- _Your assignment_
Using the data below, set down every line from the one containing "由于26c32可以同时接受四" through the one containing "Nakes mencukupi std", inclusive and unchanged. Pictures are to be skipped.

- _Dataset extract_
====
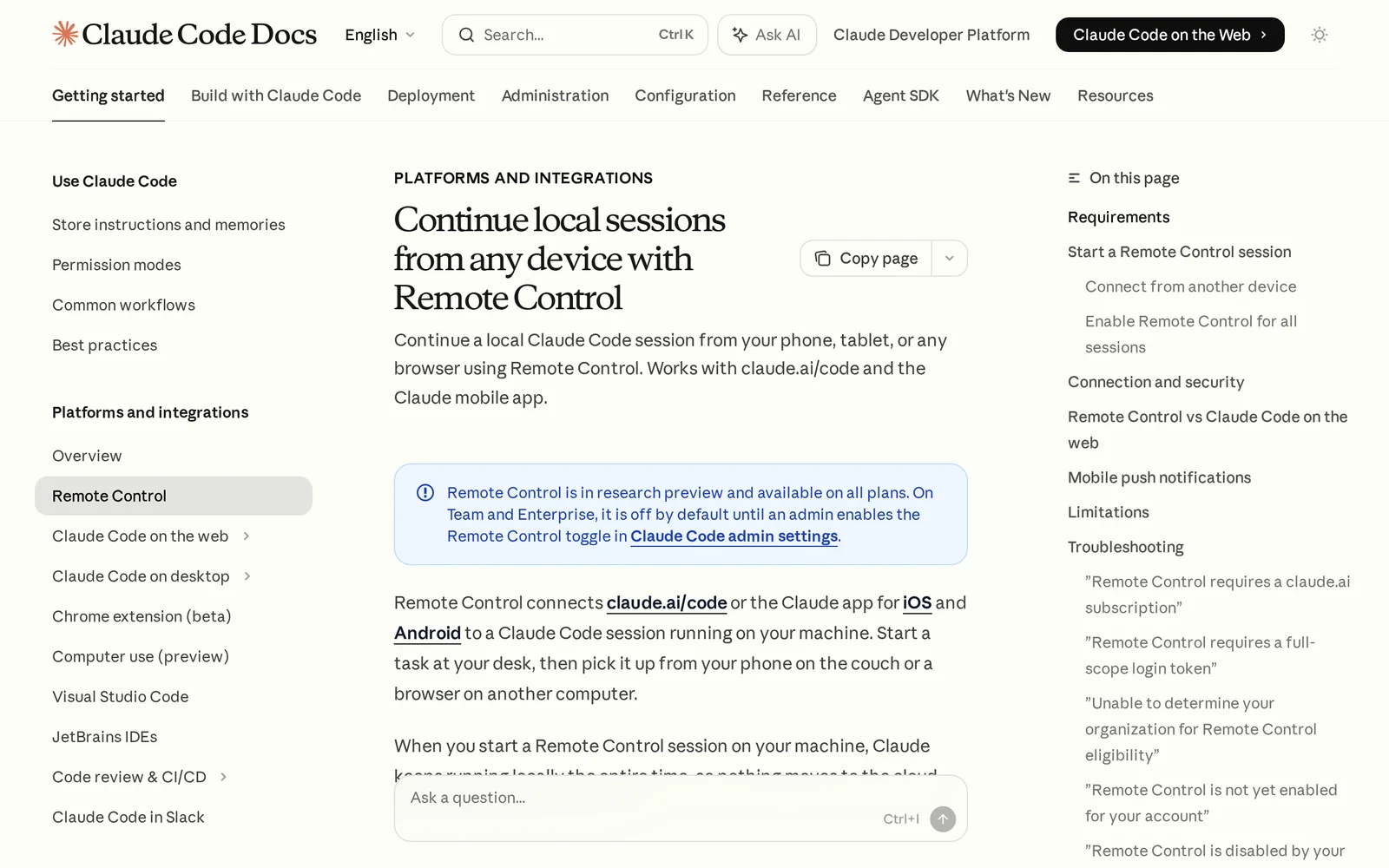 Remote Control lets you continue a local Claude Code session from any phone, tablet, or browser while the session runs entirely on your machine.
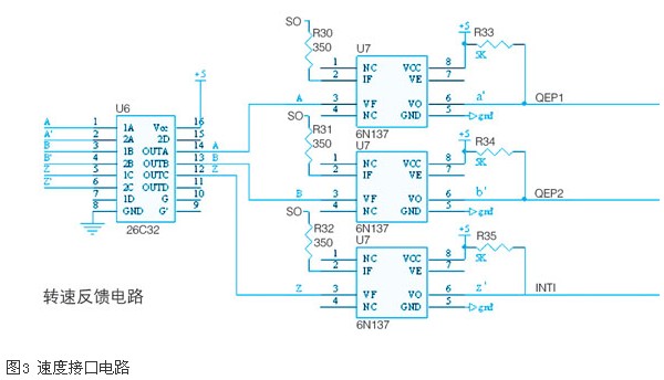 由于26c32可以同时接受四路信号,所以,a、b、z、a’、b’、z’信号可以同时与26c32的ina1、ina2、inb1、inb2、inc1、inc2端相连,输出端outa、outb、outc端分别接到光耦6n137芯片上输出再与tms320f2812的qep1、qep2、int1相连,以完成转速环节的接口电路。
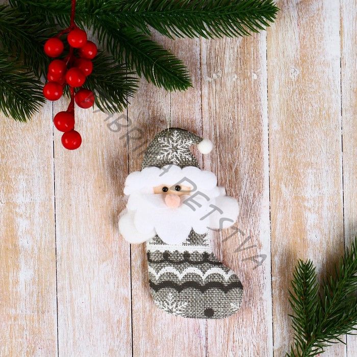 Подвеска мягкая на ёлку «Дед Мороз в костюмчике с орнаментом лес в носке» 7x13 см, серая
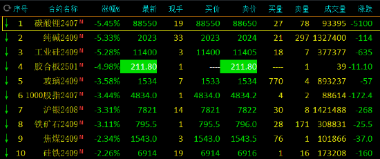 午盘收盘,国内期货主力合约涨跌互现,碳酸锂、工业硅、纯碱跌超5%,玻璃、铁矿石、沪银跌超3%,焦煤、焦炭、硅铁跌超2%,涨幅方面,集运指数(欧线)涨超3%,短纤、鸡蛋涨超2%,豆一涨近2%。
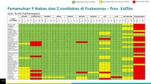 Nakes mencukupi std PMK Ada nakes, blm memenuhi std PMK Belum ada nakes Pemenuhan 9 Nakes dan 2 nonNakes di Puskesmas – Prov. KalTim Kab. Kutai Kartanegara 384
====
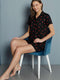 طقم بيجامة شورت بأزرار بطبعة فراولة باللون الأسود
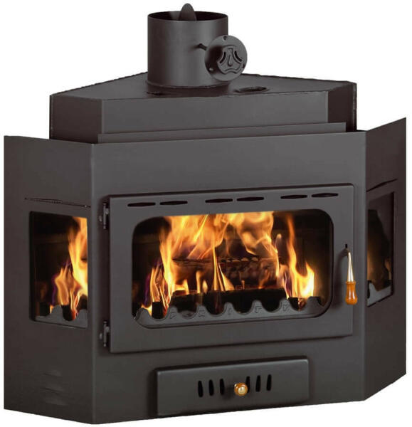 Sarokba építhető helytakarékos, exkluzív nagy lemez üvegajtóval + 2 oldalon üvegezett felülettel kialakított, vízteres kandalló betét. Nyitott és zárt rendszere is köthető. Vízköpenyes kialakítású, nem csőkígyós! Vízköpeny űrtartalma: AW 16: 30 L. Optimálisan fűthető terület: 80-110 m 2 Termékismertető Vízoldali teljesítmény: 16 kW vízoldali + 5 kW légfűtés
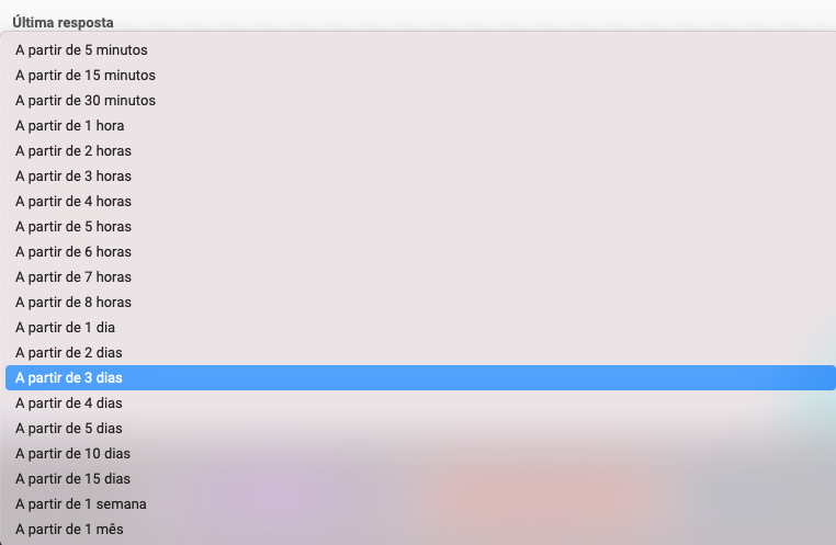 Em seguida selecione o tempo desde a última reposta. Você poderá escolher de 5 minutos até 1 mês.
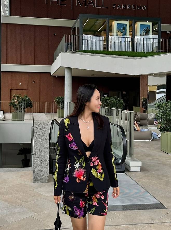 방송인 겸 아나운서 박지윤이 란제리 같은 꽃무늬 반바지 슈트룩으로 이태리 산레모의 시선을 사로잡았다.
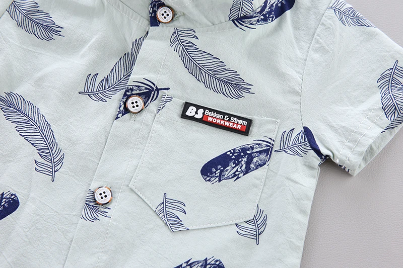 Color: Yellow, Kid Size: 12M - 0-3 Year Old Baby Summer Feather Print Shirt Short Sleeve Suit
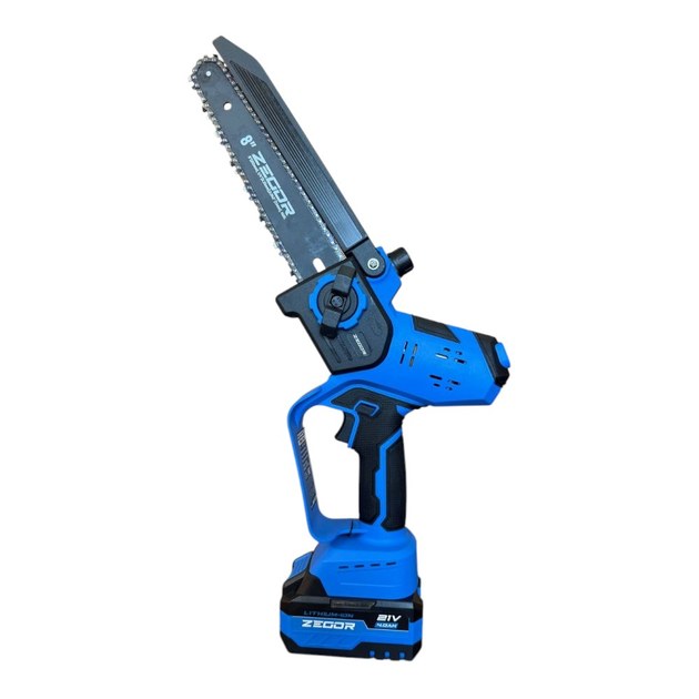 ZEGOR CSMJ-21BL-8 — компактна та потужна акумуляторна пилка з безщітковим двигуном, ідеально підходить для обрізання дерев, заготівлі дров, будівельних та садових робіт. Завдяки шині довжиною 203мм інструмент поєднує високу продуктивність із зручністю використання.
====
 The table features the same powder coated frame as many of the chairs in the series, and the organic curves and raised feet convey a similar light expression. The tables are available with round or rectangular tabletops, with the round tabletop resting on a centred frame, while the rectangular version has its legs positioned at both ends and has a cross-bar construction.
====
- _Exercise solution_
 由于26c32可以同时接受四路信号,所以,a、b、z、a’、b’、z’信号可以同时与26c32的ina1、ina2、inb1、inb2、inc1、inc2端相连,输出端outa、outb、outc端分别接到光耦6n137芯片上输出再与tms320f2812的qep1、qep2、int1相连,以完成转速环节的接口电路。
 Подвеска мягкая на ёлку «Дед Мороз в костюмчике с орнаментом лес в носке» 7x13 см, серая
 午盘收盘,国内期货主力合约涨跌互现,碳酸锂、工业硅、纯碱跌超5%,玻璃、铁矿石、沪银跌超3%,焦煤、焦炭、硅铁跌超2%,涨幅方面,集运指数(欧线)涨超3%,短纤、鸡蛋涨超2%,豆一涨近2%。
 Nakes mencukupi std PMK Ada nakes, blm memenuhi std PMK Belum ada nakes Pemenuhan 9 Nakes dan 2 nonNakes di Puskesmas – Prov. KalTim Kab. Kutai Kartanegara 384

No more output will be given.